The SPRI bead method enriches for molecules above ~1.5 – 2 kb and the size selection buffer (SSB) promotes semi-selective precipitation and enrichment of molecules above ~10 kb. The BluePippin has a tuneable cut-off limit up to 40 kb. To demonstrate the performance, gDNA was size selected using each method; the BluePippin instrument settings were set to enrich for molecules >40 kb. Using the Ligation Sequencing Kit, 1 µg of each size-selected DNA was prepared for sequencing and the libraries were run on the MinION. A library where no size selection had been performed was also sequenced as control. The data below shows the read length distributions observed and the output generated for each of the libraries. Very little difference in output was observed over the course of the 24 hour sequencing run for SPRI and SSB size-selected libraries, compared with the control. However, an accumulation of pores in the unavailable state were observed throughout the course of the run for the BluePippin size selected library, so a flow cell wash was performed after ~16 hours and more library loaded before recommencing the run.

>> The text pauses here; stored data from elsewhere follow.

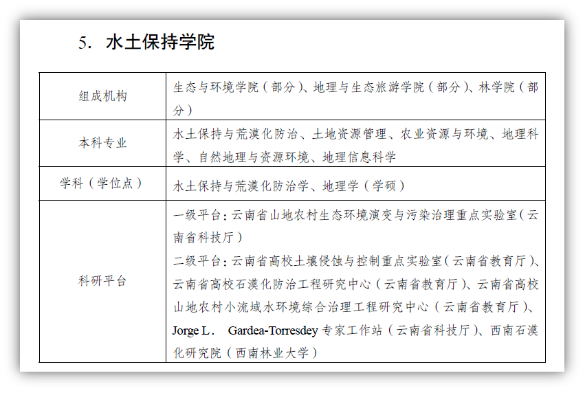 公司开设有水土保持与荒漠化防治、农业资源与环境、地理科学、地理信息科学、自然地理与资源环境、土地资源管理6个本科专业,其中水土保持与荒漠化防治为国家“双万计划”一流专业建设点、教育部特色专业,云南省重点建设专业和云南省一流专业,分别于2000、2007和2014年开始本科、硕士和博士研究生招生,已形成完整的本、硕、博人才培养体系。先后主编国家林草局十二五、十三五和十四五规划教材13部,获云南省优秀教材2部。拥有水土保持与荒漠化防治学云南省高等院校教学团队和云南省实验教学示范中心,云南省山地农村生态环境演变与污染治理重点实验室、云南省高校土壤侵蚀与控制重点实验室、云南省高校山地农村小流域水环境综合治理工程研究中心、云南省石漠化防治工程研究中心、山地农村清洁小流域建设省创新团队以及石漠化研究院、水土保持研究所等省、厅级平台团队10余个。先后获得6项省科学技术二等奖。近五年,主持国家和云南省重点研发计划等重要科研项目30余项,科研总经费达5000余万元。同时公司高质量开展水土保持政府咨询和社会服务。1项政府咨询报告获云南省委书记批示。长期开展云南省水土保持监测人员技术培训,制订的《云南省水土保持监测站点建设及监测技术标准》指导云南省水土保持监测站点的建设和运行管理工作,为云南省水土保持监测工作成为全国典范提供了科技支撑。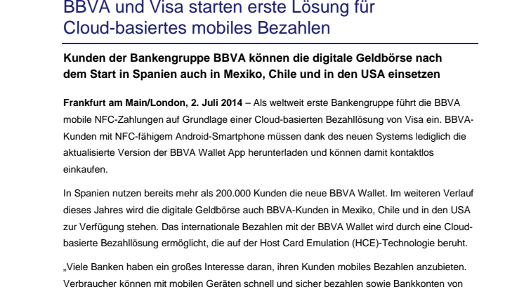 Frankfurt am Main/London, 2. Juli 2014 – Als weltweit erste Bankengruppe führt die BBVA mobile NFC-Zahlungen auf Grundlage einer Cloud-basierten Bezahllösung von Visa ein. BBVA-Kunden mit NFC-fähigem Android-Smartphone müssen dank des neuen Systems lediglich die aktualisierte Version der BBVA Wallet App herunterladen und können damit kontaktlos einkaufen.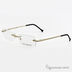 Элегантная безободковая оправа с тонкими оригинальными металлическими заушниками с пластиковым окончанием.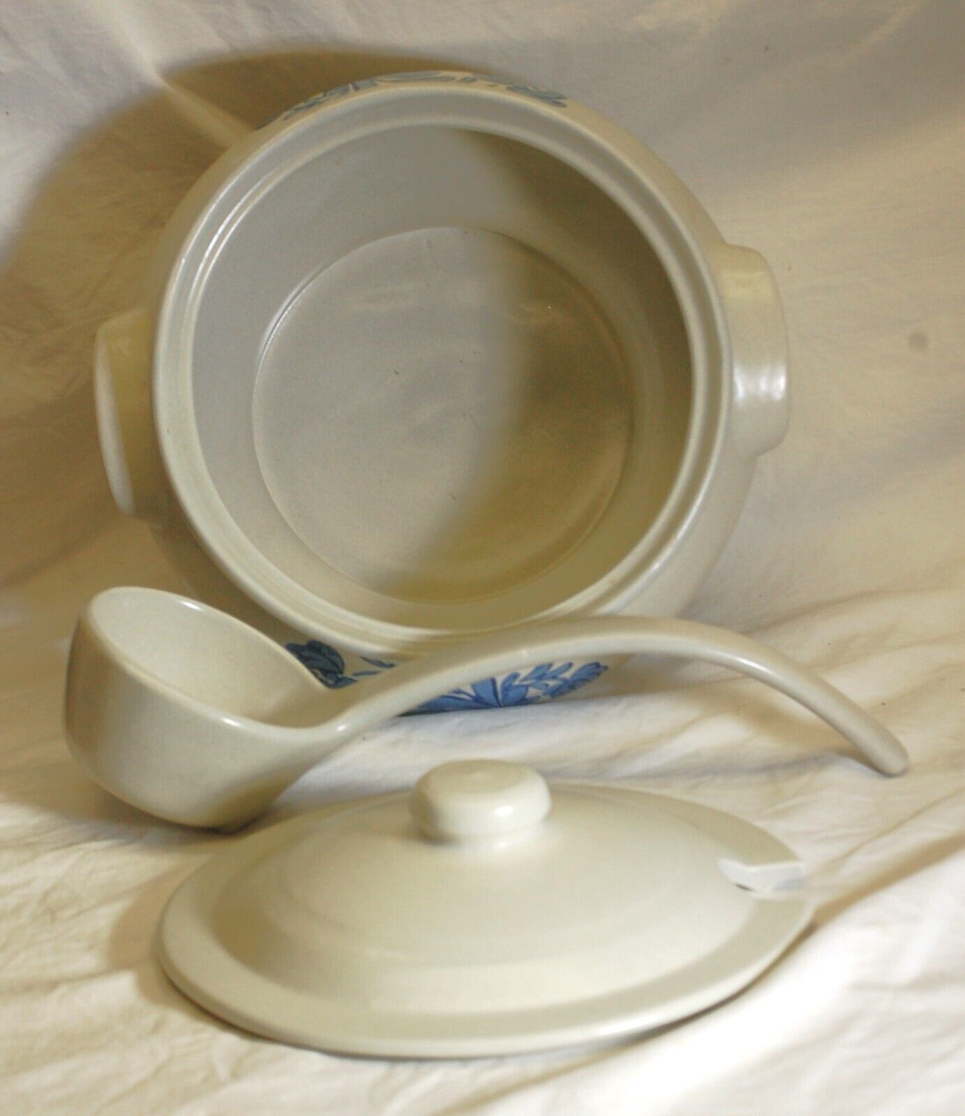 Yorktowne Pfaltzgraff Tureen & Lid with Ladle Blue Floral Smooth Blue Trim USA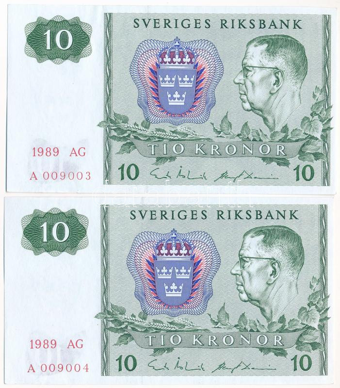 Sweden 1989. 10 Kronor (2x) consecutive serials "A 009003 - A 009004" C:AU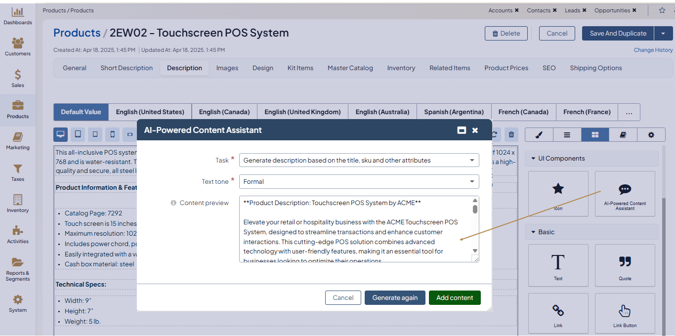 When OroCommerce is integrated with AI clients such as OpenAI or Vertex AI, you can use an AI-Powered Content Assistant widget in the WYSIWYG editor to generate content for product descriptions, landing pages, content blocks, master catalog categories, and emails.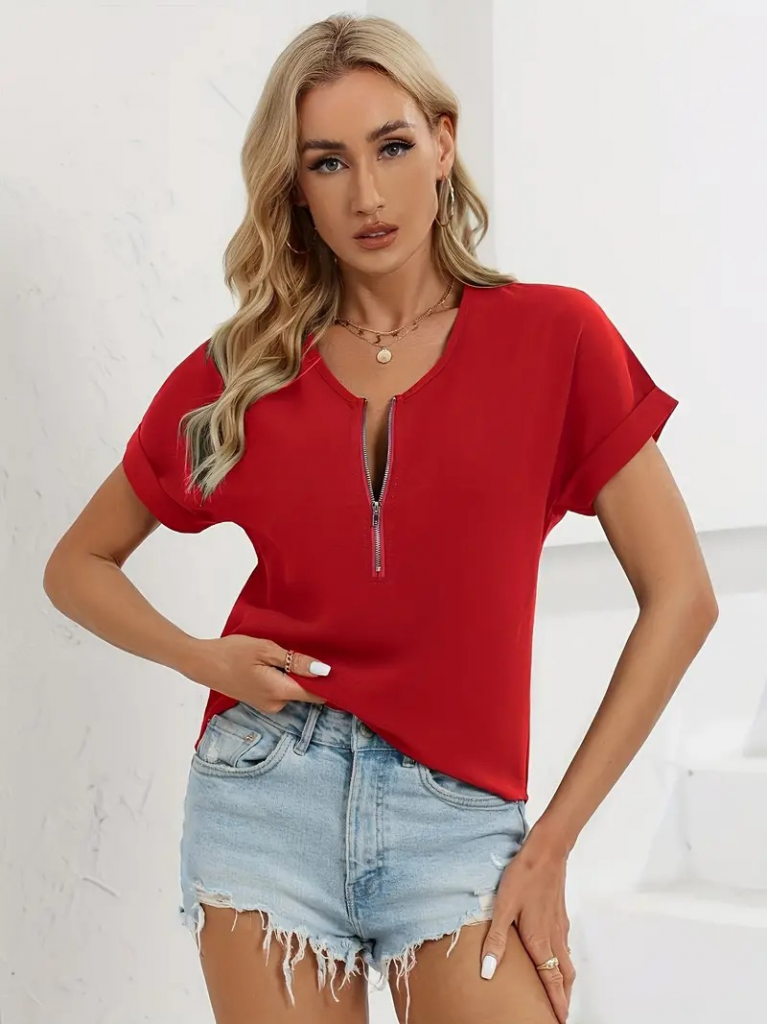 Kadın Kısa Kollu V Yaka Fermuarlı Salaş Sandy Bluz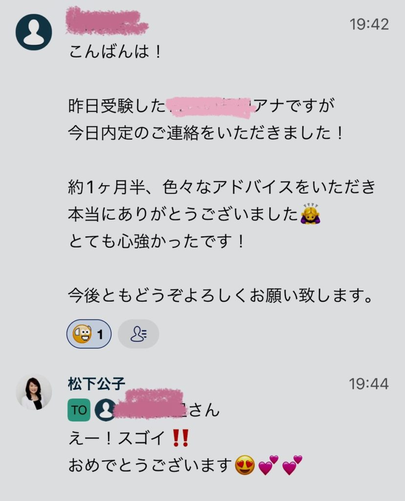 嬉しい内定報告です♪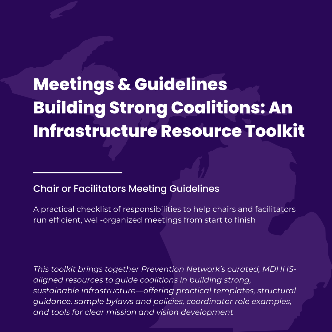 A practical checklist of responsibilities to help chairs and facilitators run efficient, well-organized meetings from start to finish.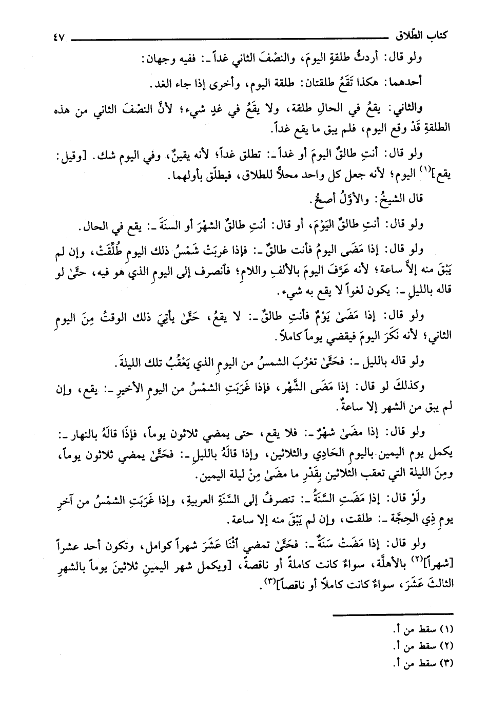 ولو قال: إذا مضت السنة-: تنصرف إلى السنة العربية، وإذا غربت الشمس من آخر يوم ذي الحجة-: طلقت، وإن لم يبق منه إلا ساعة.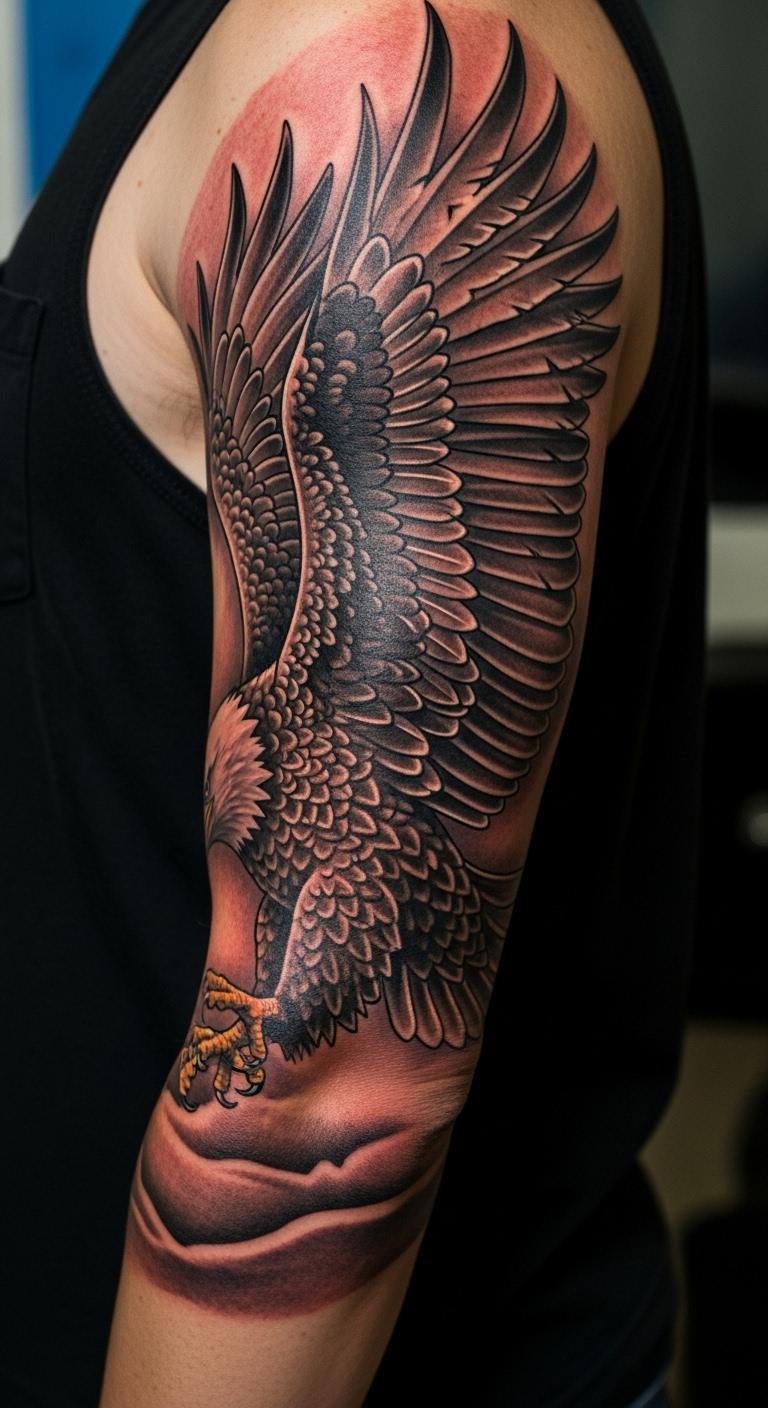 An eagle in flight design soars with freedom. Envision wide wings spread out. Sketch birds at home. Grab free eagle art online. Go to a local spot for pricing. Keep it black and grey. This motif inspires adventure. Personalize with feathers. Plan two sessions. Use paper cutouts for DIY. Place it upper arm. It’s empowering and simple.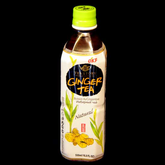 Outlined is a bottle of ginger tea that is made from natural Korean ginger for a better taste. The refreshing flavor with a hint of spice promotes healthy digestion. This flavorful ginger tea can be blended with milk to create Hong Kong-style ginger milk tea.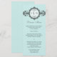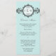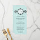 Carte de menu qui prend son influence de l'époque Art Déco. Un groupe orné, qui ressemble à une montre victorienne, présente un médaillon tenant le monogramme du couple. L'arrière - plan d'aqua pâle imprime un motif subtil comme filigrane. Ajoutez ou réduisez l'espace entre le premier et le dernier initiales pour équilibrer avec le monogramme central. Ajoutez un menu customisé en dessous. Un look classique qui donne l'ambiance à n'importe quel mariage. Disponible en couleurs alternatives avec des produits correspondants.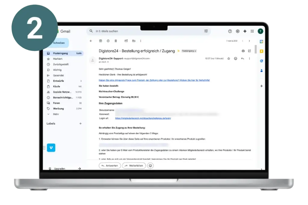 Nach erfolgreicher Bestellung bekommst du deine Zugangsdaten per E-Mail zugeschickt und kannst dich direkt in den Mitgliederbereich einloggen.

Size selection of gDNA samples. Genomic DNA was size selected and then prepared for sequencing using the Ligation Sequencing Kit. The read N50 values of the control, SPRI bead size-selected, our Short Fragment Eliminator (EXP-SFE001) size-selected, and BluePippin size-selected libraries were ~20 kb, ~25 kb, ~35kb and ~41 kb, respectively. Very little difference in output was observed over the course of the 24 hour sequencing run for SPRI and EXP-SFE001 size-selected libraries, compared with the control. However, an accumulation of pores in the unavailable state was observed for the BluePippin size selected library, so a flow cell wash were performed after ~16 hours and more library loaded before continuing the run.